Repeat exactly the line with "Colierul este realizat" and each line after it to the end of the data below; pictures stay out.

## Data section
%%

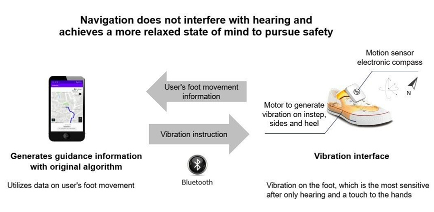 Όταν ο χρήστης πρέπει να κινηθεί ευθεία, παράγονται δονήσεις στο εμπρός τμήμα του πέλματος, ενώ όταν πλησιάζει σε μία δεξιά ή αριστερή στροφή οι δονήσεις παράγονται αντίστοιχα στη δεξιά ή την αριστερή πλευρά, για την προειδοποίηση του χρήστη.
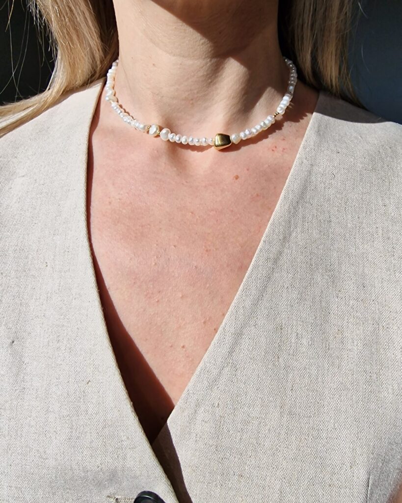 Colierul este realizat cu perle de cultura 4-5mm, resprectiv 8-9mm, pandantiv si accesorii din argint filat cu aur.
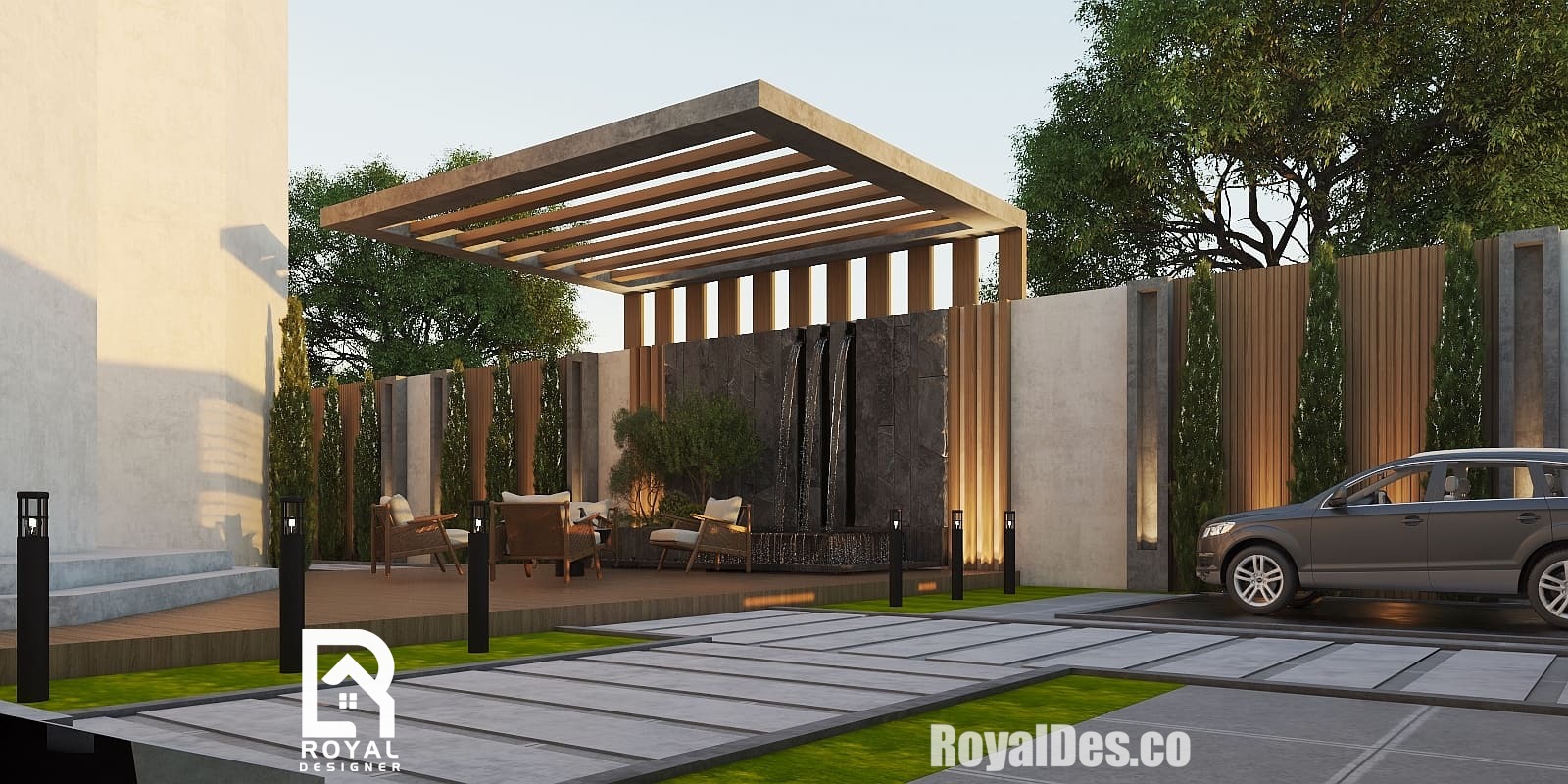 تصميم داخلي لحديقة فيلا في دولة الكويت ...
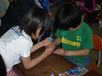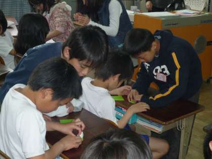 今日は3・4年生の教室にお邪魔して鶴を折りに行きました。3年生も4年生もあっという間に2羽を折り上げて,各色たくさん集まってきました。来週からはいよいよパネルに仕上げていきます。

%%

## Output
 Colierul este realizat cu perle de cultura 4-5mm, resprectiv 8-9mm, pandantiv si accesorii din argint filat cu aur.
 تصميم داخلي لحديقة فيلا في دولة الكويت ...
 今日は3・4年生の教室にお邪魔して鶴を折りに行きました。3年生も4年生もあっという間に2羽を折り上げて,各色たくさん集まってきました。来週からはいよいよパネルに仕上げていきます。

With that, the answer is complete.